▶ [Try it]:
Exact copy, no pictures: repeat the data that follows.

▶ [Given information]:
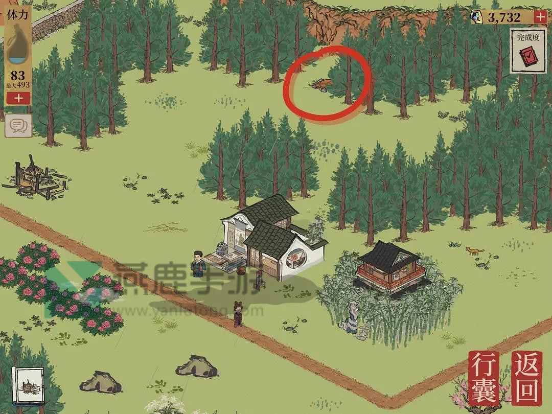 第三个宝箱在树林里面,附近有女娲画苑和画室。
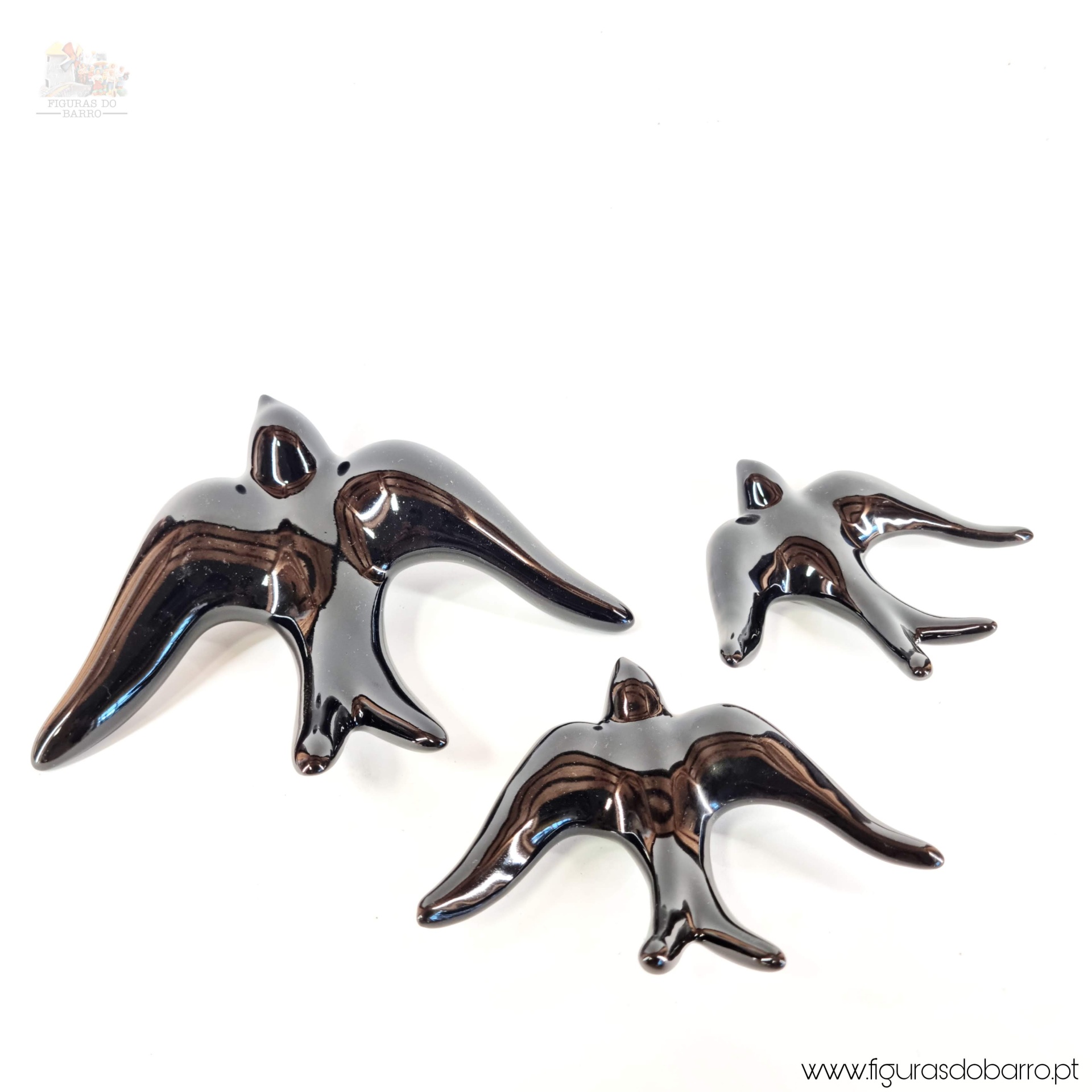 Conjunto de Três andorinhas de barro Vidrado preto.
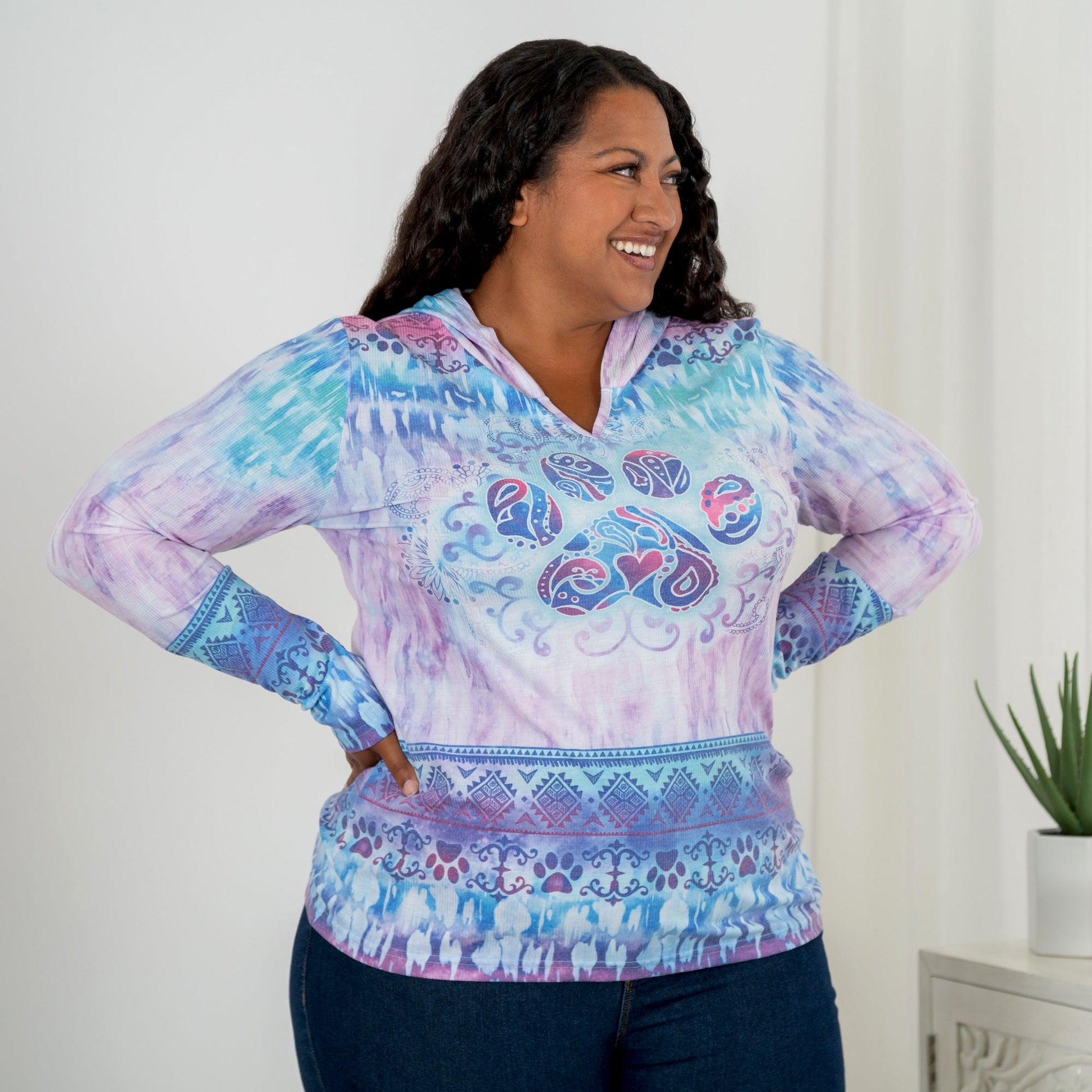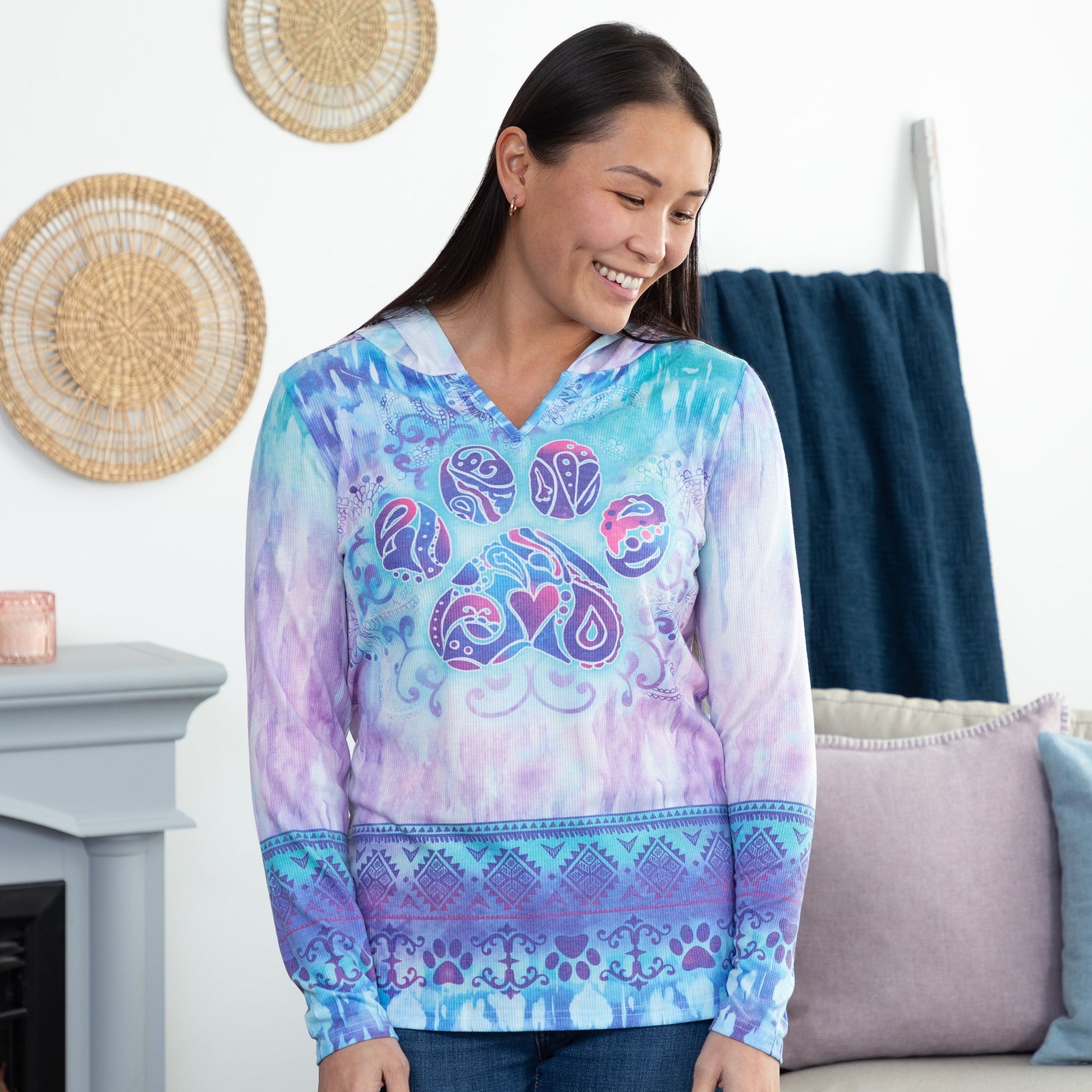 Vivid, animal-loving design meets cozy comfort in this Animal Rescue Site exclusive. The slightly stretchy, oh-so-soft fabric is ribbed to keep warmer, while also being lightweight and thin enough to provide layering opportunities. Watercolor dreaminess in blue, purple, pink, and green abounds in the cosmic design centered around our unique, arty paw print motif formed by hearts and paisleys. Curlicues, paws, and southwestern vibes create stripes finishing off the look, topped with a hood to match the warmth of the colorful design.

▶ [Output for this exercise]:
 第三个宝箱在树林里面,附近有女娲画苑和画室。
 Conjunto de Três andorinhas de barro Vidrado preto.
 Vivid, animal-loving design meets cozy comfort in this Animal Rescue Site exclusive. The slightly stretchy, oh-so-soft fabric is ribbed to keep warmer, while also being lightweight and thin enough to provide layering opportunities. Watercolor dreaminess in blue, purple, pink, and green abounds in the cosmic design centered around our unique, arty paw print motif formed by hearts and paisleys. Curlicues, paws, and southwestern vibes create stripes finishing off the look, topped with a hood to match the warmth of the colorful design.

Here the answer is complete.